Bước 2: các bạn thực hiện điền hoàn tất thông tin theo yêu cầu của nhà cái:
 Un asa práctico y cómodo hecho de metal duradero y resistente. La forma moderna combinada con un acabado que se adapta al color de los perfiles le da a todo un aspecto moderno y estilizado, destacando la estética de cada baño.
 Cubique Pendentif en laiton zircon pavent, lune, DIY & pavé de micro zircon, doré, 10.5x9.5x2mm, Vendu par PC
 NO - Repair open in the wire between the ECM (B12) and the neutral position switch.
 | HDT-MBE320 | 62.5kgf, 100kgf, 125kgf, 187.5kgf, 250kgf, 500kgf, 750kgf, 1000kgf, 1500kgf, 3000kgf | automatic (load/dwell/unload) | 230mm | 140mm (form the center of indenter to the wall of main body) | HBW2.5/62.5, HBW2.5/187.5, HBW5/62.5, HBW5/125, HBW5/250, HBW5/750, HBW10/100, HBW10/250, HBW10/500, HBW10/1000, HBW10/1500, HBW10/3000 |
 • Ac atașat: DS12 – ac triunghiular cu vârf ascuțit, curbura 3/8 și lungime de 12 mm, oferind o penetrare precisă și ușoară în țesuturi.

* * *

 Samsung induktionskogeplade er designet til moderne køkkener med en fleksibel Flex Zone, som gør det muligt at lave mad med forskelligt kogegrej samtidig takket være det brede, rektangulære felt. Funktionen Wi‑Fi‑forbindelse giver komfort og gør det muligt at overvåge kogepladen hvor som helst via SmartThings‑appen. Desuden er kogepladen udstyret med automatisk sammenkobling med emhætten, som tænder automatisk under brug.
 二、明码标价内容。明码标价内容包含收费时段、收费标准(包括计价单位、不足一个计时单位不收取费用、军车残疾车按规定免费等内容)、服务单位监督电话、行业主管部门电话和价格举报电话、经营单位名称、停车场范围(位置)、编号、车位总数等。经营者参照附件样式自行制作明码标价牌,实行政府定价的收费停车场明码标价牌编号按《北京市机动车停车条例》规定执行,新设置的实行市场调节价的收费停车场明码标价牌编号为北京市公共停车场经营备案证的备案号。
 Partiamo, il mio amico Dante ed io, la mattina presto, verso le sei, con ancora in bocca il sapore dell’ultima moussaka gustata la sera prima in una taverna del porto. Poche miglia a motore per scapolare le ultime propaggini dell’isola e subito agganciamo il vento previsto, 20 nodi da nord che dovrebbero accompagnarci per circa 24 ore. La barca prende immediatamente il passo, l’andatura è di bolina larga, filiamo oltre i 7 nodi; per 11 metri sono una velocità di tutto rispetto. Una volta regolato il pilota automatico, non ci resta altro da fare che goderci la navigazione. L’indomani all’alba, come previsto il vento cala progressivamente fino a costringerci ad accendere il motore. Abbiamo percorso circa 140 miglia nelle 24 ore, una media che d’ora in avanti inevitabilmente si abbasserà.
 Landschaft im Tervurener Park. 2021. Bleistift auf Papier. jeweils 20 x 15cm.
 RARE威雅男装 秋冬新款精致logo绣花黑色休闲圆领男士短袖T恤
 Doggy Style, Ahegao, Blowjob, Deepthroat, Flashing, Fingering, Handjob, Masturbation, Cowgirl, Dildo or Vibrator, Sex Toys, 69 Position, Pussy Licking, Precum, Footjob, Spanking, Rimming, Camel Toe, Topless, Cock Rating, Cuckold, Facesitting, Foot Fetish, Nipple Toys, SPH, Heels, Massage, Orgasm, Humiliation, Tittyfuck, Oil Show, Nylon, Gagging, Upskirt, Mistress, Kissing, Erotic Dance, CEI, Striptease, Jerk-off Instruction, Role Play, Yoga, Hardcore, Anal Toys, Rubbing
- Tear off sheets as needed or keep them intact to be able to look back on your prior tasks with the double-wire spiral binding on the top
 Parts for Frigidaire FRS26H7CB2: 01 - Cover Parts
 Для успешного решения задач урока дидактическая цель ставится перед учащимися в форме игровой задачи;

==

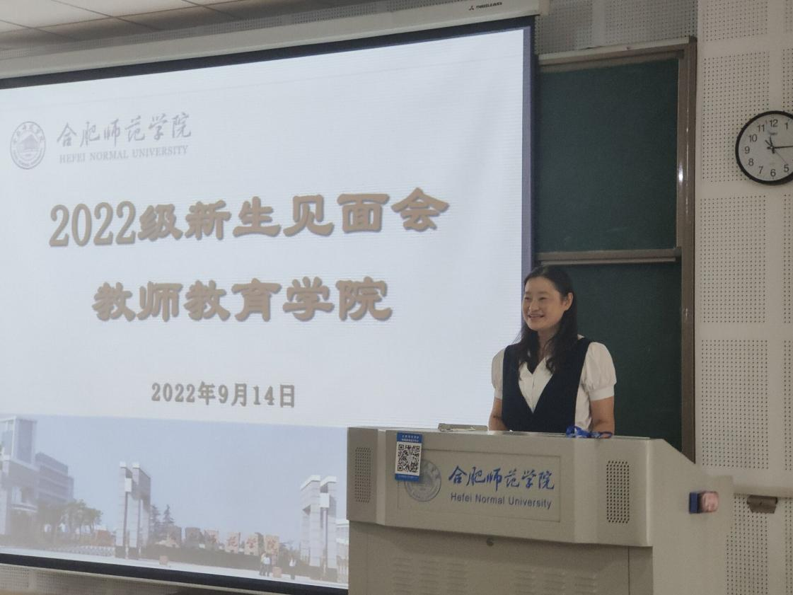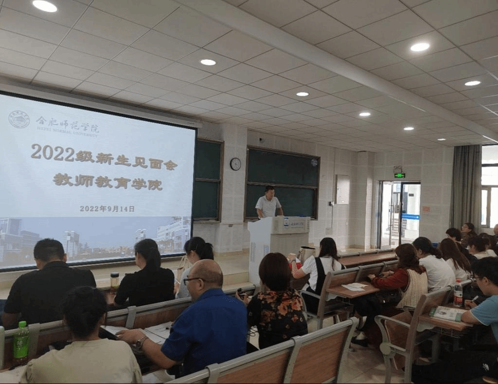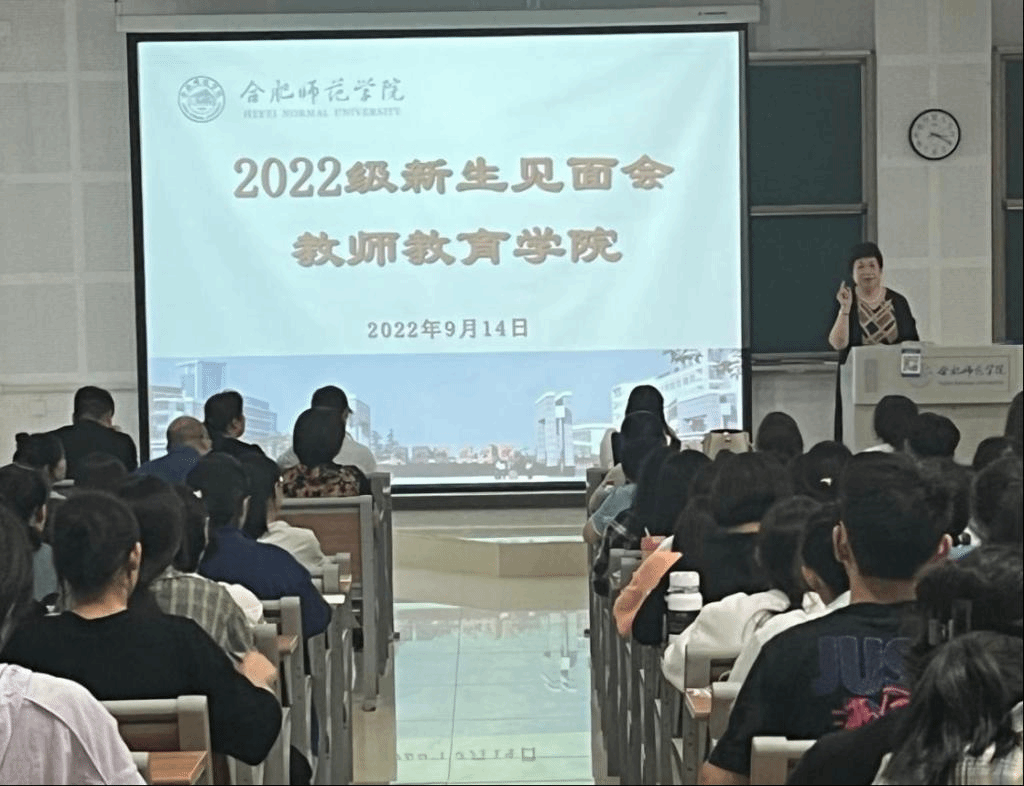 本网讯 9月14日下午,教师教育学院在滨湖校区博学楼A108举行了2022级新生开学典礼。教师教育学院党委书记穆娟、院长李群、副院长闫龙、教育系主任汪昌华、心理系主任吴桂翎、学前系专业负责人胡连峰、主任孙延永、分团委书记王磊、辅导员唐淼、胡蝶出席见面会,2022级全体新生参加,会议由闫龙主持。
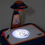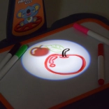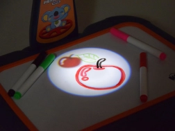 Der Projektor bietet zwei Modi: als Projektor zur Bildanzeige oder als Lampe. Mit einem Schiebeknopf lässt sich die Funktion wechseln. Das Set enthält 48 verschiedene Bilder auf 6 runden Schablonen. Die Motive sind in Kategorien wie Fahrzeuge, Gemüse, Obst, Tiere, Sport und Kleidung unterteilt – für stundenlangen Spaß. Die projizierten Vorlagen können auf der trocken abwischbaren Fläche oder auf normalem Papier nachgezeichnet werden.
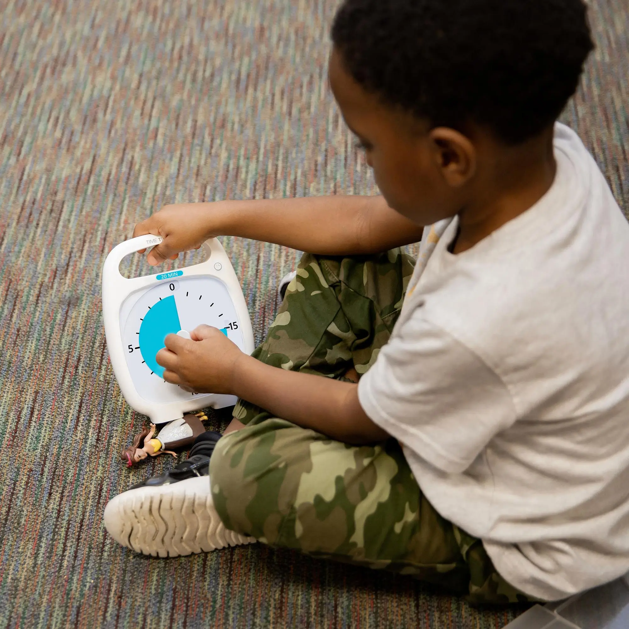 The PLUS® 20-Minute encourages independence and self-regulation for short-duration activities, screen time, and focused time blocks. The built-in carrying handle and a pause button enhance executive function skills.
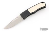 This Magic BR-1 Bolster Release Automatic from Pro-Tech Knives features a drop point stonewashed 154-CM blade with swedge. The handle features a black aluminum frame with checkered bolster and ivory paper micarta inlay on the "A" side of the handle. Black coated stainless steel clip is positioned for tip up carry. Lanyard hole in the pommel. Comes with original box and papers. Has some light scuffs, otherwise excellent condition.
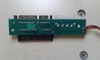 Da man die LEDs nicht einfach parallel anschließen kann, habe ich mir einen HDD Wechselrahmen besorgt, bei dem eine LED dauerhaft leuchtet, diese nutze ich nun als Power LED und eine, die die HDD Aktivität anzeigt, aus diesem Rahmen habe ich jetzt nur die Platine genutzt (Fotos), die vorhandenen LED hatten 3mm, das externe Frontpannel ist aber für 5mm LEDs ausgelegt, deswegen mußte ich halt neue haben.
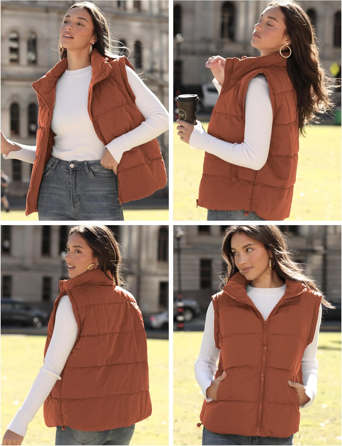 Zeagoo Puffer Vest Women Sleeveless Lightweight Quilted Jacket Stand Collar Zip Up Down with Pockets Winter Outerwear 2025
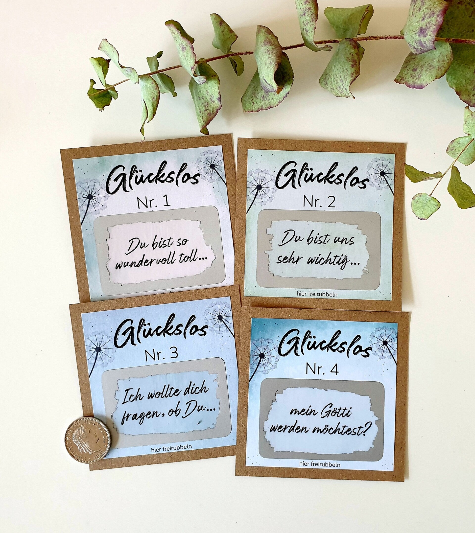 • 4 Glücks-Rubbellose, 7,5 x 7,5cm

=== ABOUT THIS TASK ===
Above this instruction are the records; retype exactly the lines from the one containing "- Tear off sheets" up to and including the one containing "Для успешного решения".

=== RESPONSE AREA ===
- Tear off sheets as needed or keep them intact to be able to look back on your prior tasks with the double-wire spiral binding on the top
 Parts for Frigidaire FRS26H7CB2: 01 - Cover Parts
 Для успешного решения задач урока дидактическая цель ставится перед учащимися в форме игровой задачи;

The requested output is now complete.